Skip to content

Device Redundancy Groups

Added in version 1.5.0

Device Redundancy Groups represent logical relationships between multiple devices. Typically, a redundancy group could represent a failover pair, failover group, or a load sharing cluster. Device Redundancy Groups are created first, before the devices are assigned to the group.

A failover strategy represents intended operation mode of the group. Supported failover strategy are: Active/Active and Active/Standby.

Secrets groups could be used to inform store secret information used by failover or a cluster of devices.

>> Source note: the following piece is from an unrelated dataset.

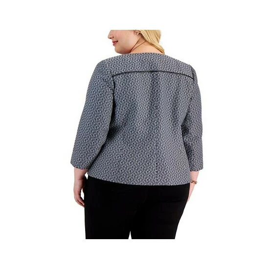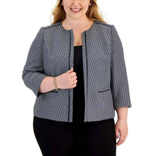 Faux-leather trim lends a stylish finish to Kasper’s plus size tweed jacket.

Device Redundancy Group Priority is a Device attribute defined during assigning a Device to a Device Redundancy Group. This field represents the priority the device has in the device redundancy group.

Example use of Device Redundancy Groups - Cisco ASA 5500 Series Active/Standby Failover

This document provides an example of generating a Cisco ASA device's desired failover configuration based on data stored in Nautobot Device Redundancy Groups. A GraphQL query is used to retrieve the relevant data, which is then rendered through a Jinja2 template to produce the desired configuration.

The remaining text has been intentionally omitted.